Molecular docking was furtherly performed to explore the interaction between HgCl₂ and tyrosinase. We cluster all the conformations (100) with ADT by a root mean square (RMS) deviation tolerance of 2.0, resulting in four clusters, as shown in Figure 6A . The X position of each bar is plotted by the energy of the lowest energy conformation in the cluster, and the height of the bar represents the number of docked conformations in each cluster. The best docking result (optimal conformation) can be recognized as the lowest energy conformation, and can also be selected according to the RMS deviation from the reference structure (usually the crystallographic bonding mode) (Morris et al., 2008). Thus, a lowest energy (-2.87 kJ/mol) conformation in the first cluster is recognized as the optimal conformation, as shown in Figure 6B . A lowest energy (-2.27 kJ/mol) conformation in the fourth cluster was recognized as the suboptimal conformation because the conformation-like one with the ligand (tropolone) binds to the catalytic center of tyrosinase (Ismaya et al., 2011), as shown in Figure 6C . For the optimal conformation, HgCl₂ is surrounded by amino acid residues (His 94, His 296, and Glu 98), whilst the suboptimal conformation is located adjacent to amino acid residues (His 263, Ala 286, and Val 283). The detailed information of interaction between the amino acid residues and HgCl₂ is summarized in Table 1 . As we all know, the catalytic center of tyrosinase is like a pocket, which consists of two Cu ions and six histidine residues, including His 61, His 85, His 94, His 259, His 263, and His 296 (Ismaya et al., 2011). Therefore, it can be inferred that the HgCl₂ may change the morphology of catalytic center by binding with the amino acid residues, such as His 94, His 296, and His 263. Some experiments (in next section) were furtherly designed to support this point.

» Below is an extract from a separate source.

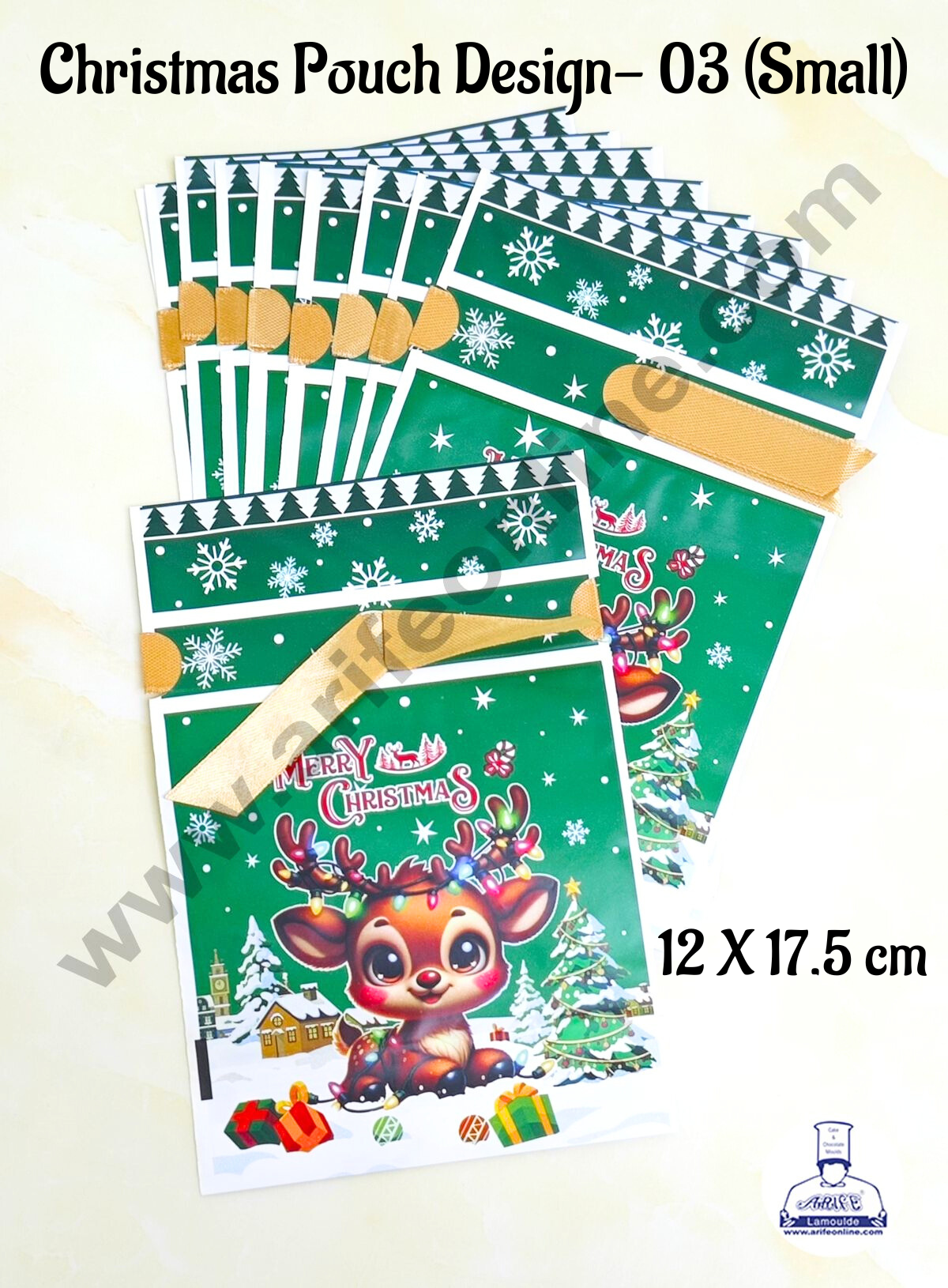Cake Decor β’ SmallΒ Green Color Christmas Theme Cookie pouch Plastic Drawstring Bag Treat With Ribbon | Design – 03 | Pack of 10 | (12cm X 17.5cm) Description: size : 12cm X 17.5cm ~approx Package Including: 10 pcs Pretty design of Christmas Theme with a nice Golden ribbon for decoration,It is different and unique. High…

Amino acids, including His, Val, Glu, and Ala, were checked to see whether they have any impact on the inhibitory effect of HgCl₂ on tyrosinase. It was found that only His exhibited the significant effect on protecting the diphenolase activity in the presence of HgCl₂, as shown in Figure 7A . We also found that His took effects in a concentration-dependent manner, and the protecting capability increased from 48.83 ± 1.89% to 83.43 ± 2.56% with the increasing concentrations ranged from 10.42 to 666.67 μmol/L, which is illustrated in Figure 7B . The effects of His on monophenolase activity in the presence of HgCl₂ were shown in Figure 7C , which demonstrated that His also protect the monophenolase activity when compared to Figure 1B . Val, Glu, and Ala still exhibited no effects on protecting the monophenolase activity (Data no shown). The results demonstrated that HgCl₂ preferred to bind with His rather than other amino acid residues, such as Val, Glu, and Ala. Once HgCl₂ bound to free His, it was difficult to bind it to the residual His, which resulted in the protective effects. In order to further prove the interaction between His and HgCl₂, the UV-Vis spectra of His, HgCl₂, and the mixture of both is presented in Figure 7D ; this shows the significant difference between the mixture and His (or HgCl₂), suggesting the formation of His-HgCl₂ complexes. Thus, based on this indirect and direct evidence (results of docking study), we believe that HgCl₂ exhibits inhibitory effects on tyrosinase by binding to the amino residual (His) of the catalytic center of tyrosinase.